Vivvy looked down at the baggy pink sweatpants and ridiculous shapeless top. She’d had the pajamas for eons; something about the goofy red and pink lips printed all over the fabric never failed to make her smile. “They’re comfortable, and since I dress up every day, I like wearing comfortable clothes to bed. Besides, hotels are always cold.”

Nate shook his head, chomped the last bite of his pizza. “So, you travel a lot?”

“As much as I can. A lot of TV ideas never get past the research-on-computer stage, so I spend a good portion of time in LA, too.”

“You like it? Traveling?”

“Love it. Going somewhere new. Although places like Ivy Vines ruin the high a little. But, meeting new people and learning new things.” Vivvy paused to take a sip of soda. “Collecting crazy stories to tell. My parents were basically nomads, so I guess it’s in the blood.”

“You don’t get along?”

Vivvy shrugged, stared up into the brilliant starry sky. “They think I don’t understand them. They’re actors. It’s hard for them to think beyond themselves.” She wasn’t quite sure why there was sadness tugging at her. She hadn’t felt sadness at that lack of connection since she was a child trying to convince her parents to stay in one place. “We mainly lead separate lives now. No angst. No argument.”

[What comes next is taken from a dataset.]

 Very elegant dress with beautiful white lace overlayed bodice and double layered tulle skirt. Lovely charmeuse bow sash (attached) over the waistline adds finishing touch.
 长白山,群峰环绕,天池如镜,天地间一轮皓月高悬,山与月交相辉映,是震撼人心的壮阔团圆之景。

“Which would be the complete opposite of the Harringtons. Too alike to get along, too stubborn to get out of each other’s way. Loud, lots of angst and argument.” He smiled, but the opposite image didn’t cheer her up any, not after watching the way Nate’s mother talked to him. That was sadder than cold distance and a few honest comments.

She attempted the smile to make him feel better. “Oh, let me guess, at Christmas you all sit around holding hands watching
It’s A Wonderful Life
?”

Nate leaned forward, laughter echoing into the still night. “Now, that would be a sight. Let’s see. Harrington Christmas. Well, there was the one year Dad brought one of his girlfriends.”

“He did not.”

“Just as casual as you please. As if it was totally normal. Which from a kid’s perspective was still better than all the Christmases he promised huge presents and then didn’t show up.”

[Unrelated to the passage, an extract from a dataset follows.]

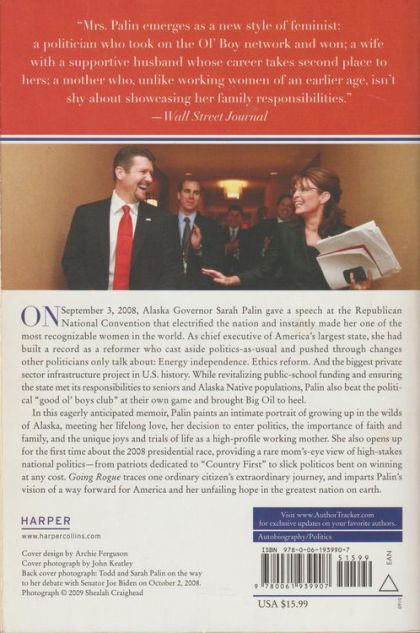 On September 3, 2008, Alaska Governor Sarah Palin gave a speech at the Republican National Convention that electrified the nation and instantly made her one of the most recognizable women in the world. As chief executive of America’s largest state, she had built a record as a reformer who cast aside politics-as-usual and pushed through changes other politicians only talk about: Energy independence. Ethics reform. And the biggest private sector infrastructure project in U.S. history. While revitalizing public-school funding and ensuring the state met its responsibilities to seniors and Alaska Native populations, Palin also beat the political "good ol’ boys club" at their own game and brought Big Oil to heel. In this eagerly anticipated memoir, Palin paints an intimate portrait of growing up in the wilds of Alaska, meeting her lifelong love, her decision to enter politics, the importance of faith and family, and the unique joys and trials of life as a high-profile working mother. She also opens up for the first time about the 2008 presidential race, providing a rare mom's-eye view of high-stakes national politics—from patriots dedicated to "Country First" to slick politicos bent on winning at any cost. Going Rogue traces one ordinary citizen's extraordinary journey, and imparts Palin's vision of a way forward for America and her unfailing hope in the greatest nation on earth.

Nate was trying to be flip about it, but there was a bitterness there, an anger simmering under it all.

“Why don’t they get divorced?”

“Who the hell knows?” Nate took a long drink from his beer. “I guess they enjoy making each other miserable.”

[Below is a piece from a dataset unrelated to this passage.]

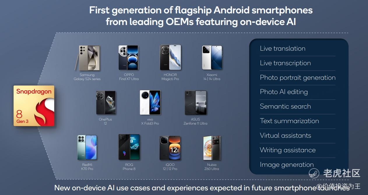 首先是AI手机,众所周知,高通是手机芯片巨头,几乎垄断了安卓机,甚至苹果也需要购买高通的基带芯片。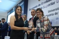 La Rectora General de la Universidad de Guanajuato (UG), Dra. Claudia Susana Gómez López, entregó el reconocimiento a la mejor alumna de la primera generación, Nancy Paola Segura Cleto.

Vivvy leaned back. The mood had fizzled considerably. She couldn’t imagine a life like Nate described. Her parents’ drama had ended the minute she’d left home. If she wasn’t going to soothe their tantrums or pet their egos, they had no use for her.

Cold, detached, unloving.

The businesslike detachment seemed preferable when compared to Nate’s dysfunction, even if he had a much easier way with emotion than she did. Vivvy had had a few uncomfortable moments when she had realized her parents would never love her like parents on TV loved their children, but then she had moved on. No emotional confrontations or mean arguments necessary. A few times the whole lack of emotion had been thrown in her face by the men she’d been dating, and then she’d moved on and learned to keep things casual and at arm’s length ever since.